Acceptance=Surrender

I have mentioned the post-hospital exhaustion to you many times before, and this week it overtook us like a wave. Malachi’s stamina for anything that takes a lot of thinking or physical exertion is very diminished so we spent most of the week taking it easy at home and catching up on all the “things”…phone calls with insurance, cleaning, laundry, grocery pick ups, and paperwork. There is an incredible amount of paperwork in the medical momma world.

His new medicine regiment is still taking a toll on him. It makes him more lethargic, but also keeps him from sleeping which I can’t wrap my head around. He is sleeping only 4 hours each night. His seizures are also pretty nasty these days, but more on that in a minute. He still doesn’t have his color back yet which makes me a little nervous.

Now Levi on the other hand has the energy of a thousand Mountain Dew drinking children and has been doing circles around the rest of us. I had the house completely mopped and cleaned up and on Thursday he accidentally dropped a can of Pepsi from overtop his head. The can exploded and started spinning circles, and before I could jump on it like a live grenade it had done some major damage. It left a trail of Pepsi spray on all walls and furniture within 15 feet of the can. It somehow managed to spray everything at floor level and all the way up to 8 feet tall as it gained momentum. It also sprayed each person and dog in the house.

As I surveyed the damage I literally had to start laughing. What a metaphor for our lives right now. One day you are feeling good about how things are going, then BAM a Pepsi can hits the floor. I didn’t even know where to begin on that cleanup process.

This week I have been so incredibly thankful for our dogs. They have taken the brunt of Levi’s attention and built up energy, and done so with such submissive kindness haha. Shiloh even earned a silver medal from Levi.

I am also incredibly thankful for the playground and the trampoline. They have been the highlights of our days and having those things right outside the front door is such a blessing. This happy video will offset the other one that is about to come:

Malachi had another liver enzyme check on Friday but we have not heard the results yet. His seizures are very aggressive and lasting up to 4 minutes and I am so desperate to get him back on some of his former meds. We have to let his liver heal some more before that can happen, but the helpless feeling seeing him get stuck in such rough seizures is difficult.

But words cannot describe how happy Malachi is to be back at home with his family and his dogs. This is most definitely his happy place. Me too buddy, me too.

On Thursday we had a scheduled appointment with the Cerebral Palsy Clinic at the hospital. This was in place pre-chaos so it worked out to get some of Malachi’s bloodwork done while we were there anyway. The CP Clinic is a group appointment where each of the boys gets to see the Neurologist, Orthopedic Surgeon, and Physical Therapy for an assessment and measurements on muscle tone. They called the day before and told me that they needed baseline x-rays for Levi’s hips, feet, and spine so we were told to get there a litter earlier.

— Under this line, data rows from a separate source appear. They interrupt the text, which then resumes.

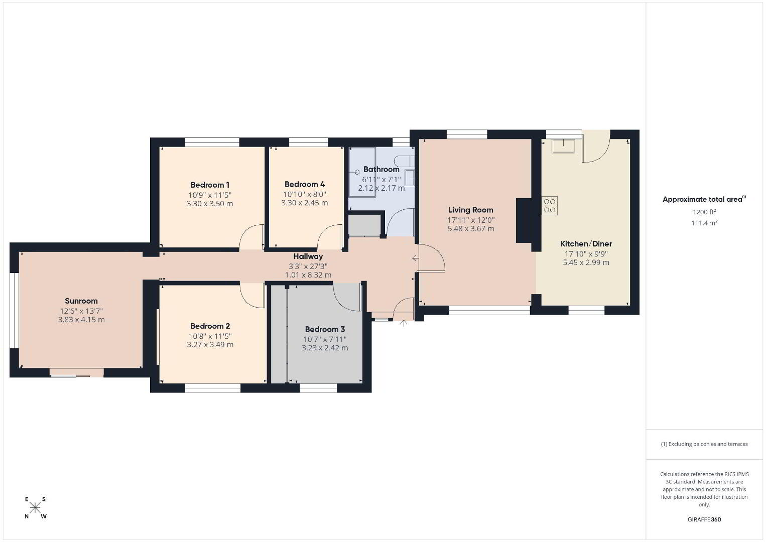 The well-proportioned internal layout continues with a centrally positioned family bathroom and four bedrooms, comprising three generous double bedrooms and a further single bedroom, offering flexibility for families, guests, or home working.
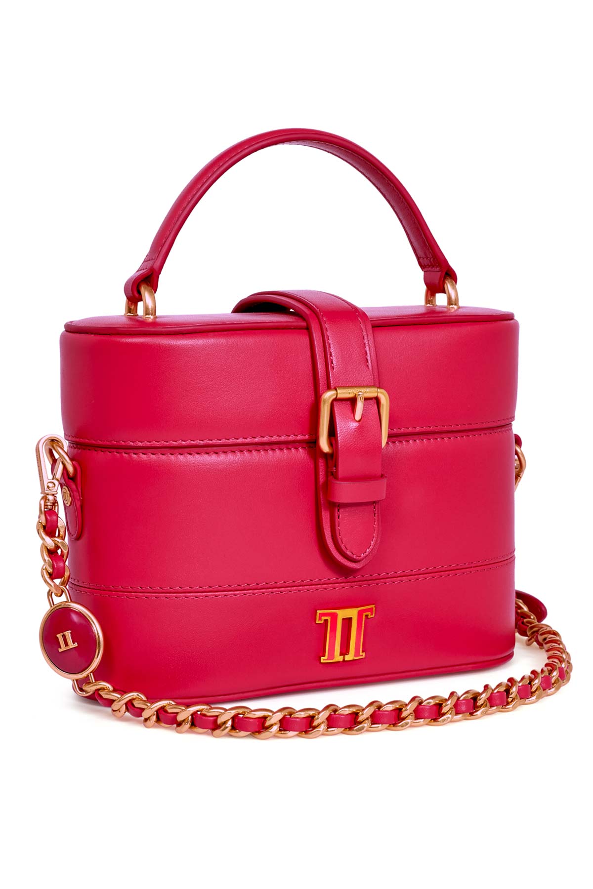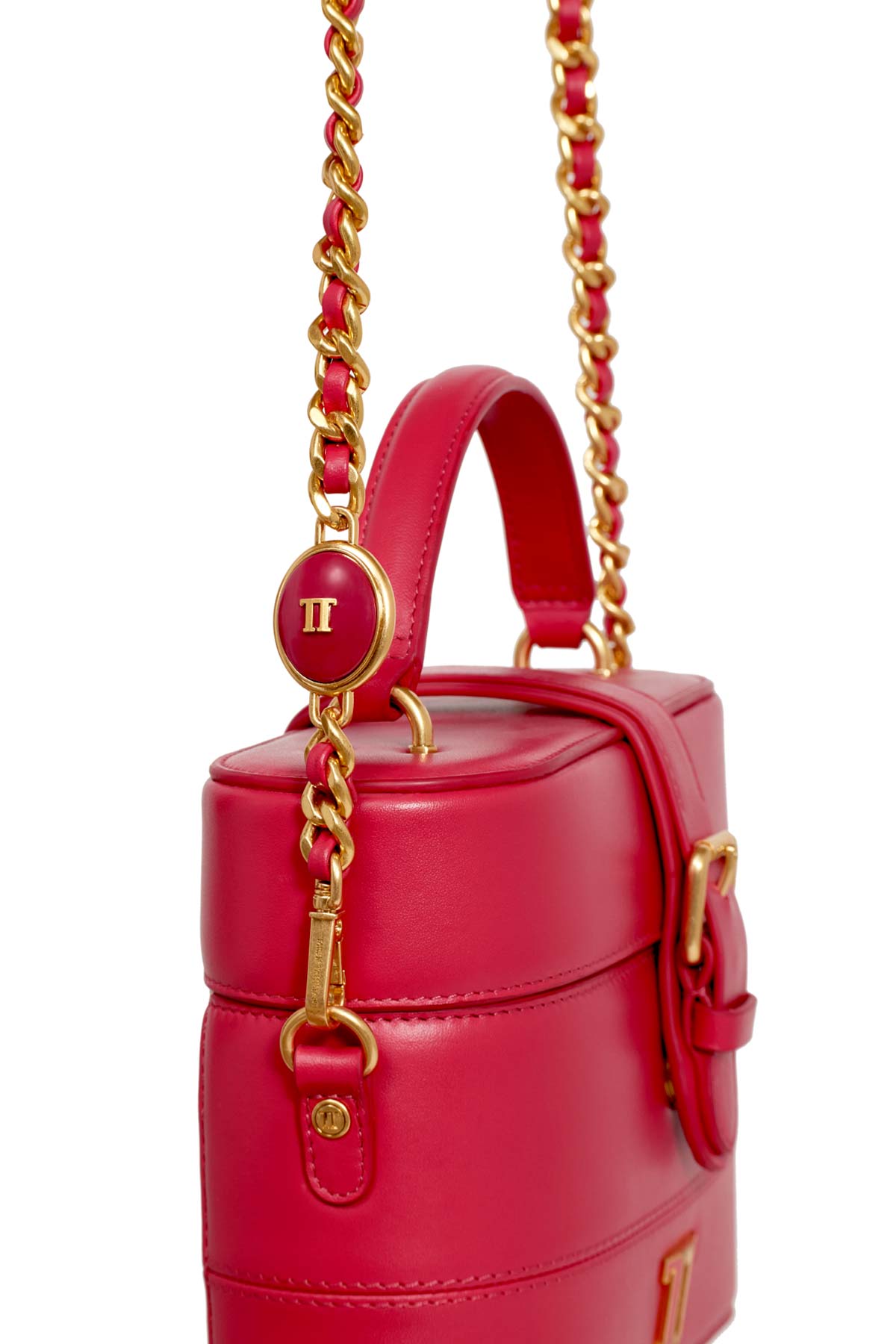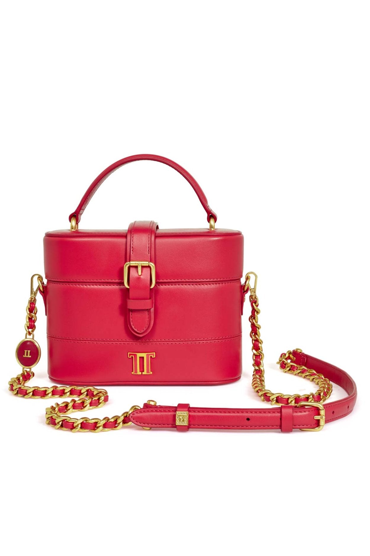 Structured Leather Vanity Bag With A Tt Logo And Charms. The Bag Features A Top Handle And A Chain Strap And A Buckle Lock Detail
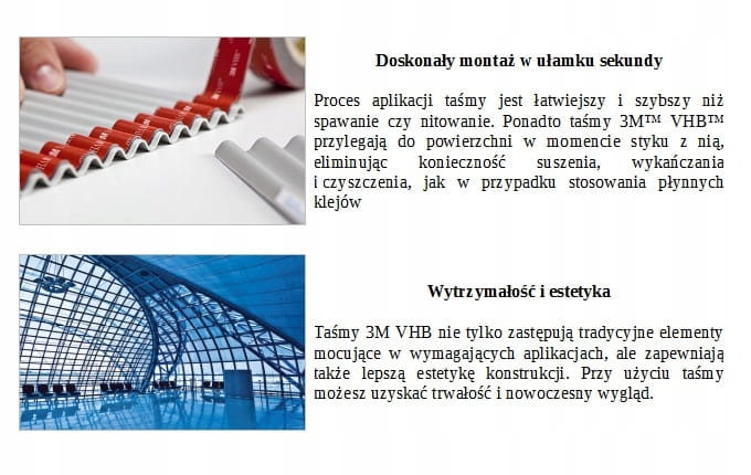 Ленты 3M VHB позволяют точно воспроизвести конструкцию на практике, устраняя неприглядные видимые соединения, такие как винты и болты. Эти высокопрочные двусторонние ленты из акриловой пены позволяют быстро и легко создать прочное соединение, которое со временем становится еще более прочным. Ленты сочетают в себе различные материалы, в том числе: алюминий, сталь, стекло, пластик, окрашенные и порошковые поверхности, обеспечивающие гибкое соединение любых материалов.
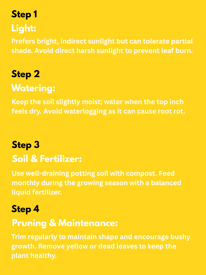 | Light Requirement | Bright, indirect sunlight (tolerates medium light) |
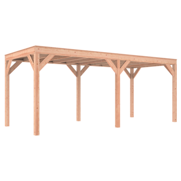 De overkapping is gemaakt van onbehandeld Douglas hout. Deze houtsoort is van nature sterk en gaat zonder extra behandeling eenvoudig 10 tot 15 jaar mee. Wil je de levensduur verlengen, dan kun je het hout behandelen met Douglas beits of Douglas olie en dit elke 2 jaar herhalen.
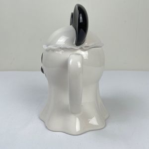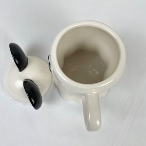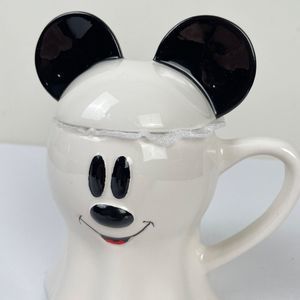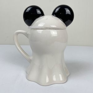 Disney Mickey Mouse ghost coffee mug with topper. The mug is new but has a small chip in the bottom, as pictured. No tags. Approximately 7.5" tall.
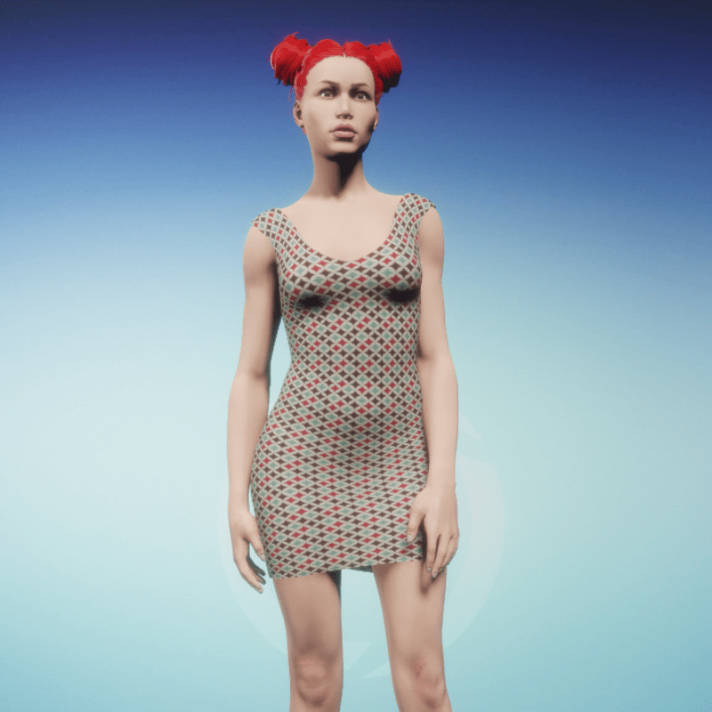 Woman Simple Dress with a retro pattern. Made with marvelous designer.
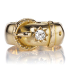 Antique Belt Buckle Ring with Old Mine Cut Diamond Center Stone
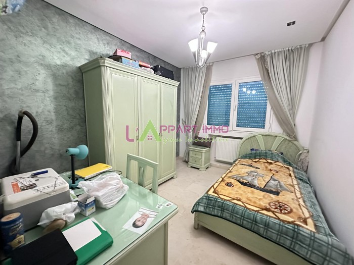 Cet appartement se situe dans une résidence gardée et propre à Boumhel. Il se compose d'un grand salon avec un balcon, une cuisine aménagée et équipée par plaque, hotte et four avec accès à un séchoir. Une salle d’eau pour les invités est disponible. Quant au compartiment nuit, il abrite trois chambres à coucher partageant une salle de bain. Il est équipé par chauffage central. Une place de parking sous-sol est disponible.
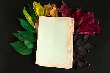 top view blank vintage rough paper with place for text and autumn multicolored leaves gradient frame flat lay on a black background

Levi’s PTSD has been ramped up a bit with his recent RSV fight. While Malachi and I were inpatient at the hopsital Jake had to take him to the pediatrician to figure out why he was sick. They ran all the tests, including a Covid swab, step test, and a blood draw. So when I mentioned the doctor again he immediately went into high alert, even waking up the nights before the appointment in tears yelling “NO DOCTOR MOMMY”.

He cried the entire way to the hospital and I explained that they were going to take pictures of his feet, hips, and back and that it wouldn’t hurt. X-rays are a new concept for him and oh boy what a process that was. Add into the mix that the hospital wouldn’t let Malachi into the x-ray room and told me to stay with Malachi and they would take Levi alone for his X-rays. Ummm….that’s a hard no. He was already losing his mind at this point so much that he was vomiting in the waiting room. The idea that I would make him go in without me by his side was just not settling well with me. And when he heard their suggestion for me to stay with Malachi, Levi grew even worse. I turned on music for Malachi and decided that he would just have to stay in the waiting room alone for a few minutes and prayed that he wouldn’t have any seizures. Last minute they were able to snag a nurse from another department to sit next to Malachi. I understand not wanting to expose kids to needless radiation, but we are talking about Malachi who has had hundreds of x-rays, not to mention CT and MRI. I don’t often ask for exceptions but this one warranted it, specifically with how out of control Malachi’s seizures have been.

Here is a video of the madness. I was sitting in the waiting room catching vomit from a hysterical Levi and listening to Malachi laugh at his brother. I took a quick video to share with Jake later as I knew words wouldn’t adequately describe the scene we were creating in front of all the other patients:

When we finally made it up to the exam room to meet with doctors Levi was still a sobbing mess and Malachi went into another large seizure. The neurologist witnessed this one firsthand and made the decision to increase one of the new meds we put him on. He wanted me to use rescue meds on Malachi (a medicine we keep on hand for seizures lasting longer than 5 minutes) but when that happens I have to call 911 and take him legit into the hospital ambulance style because it slows down his breathing and he needs oxygen support. Thankfully by the time we finished that discussion Malachi started to pop out of his seizure.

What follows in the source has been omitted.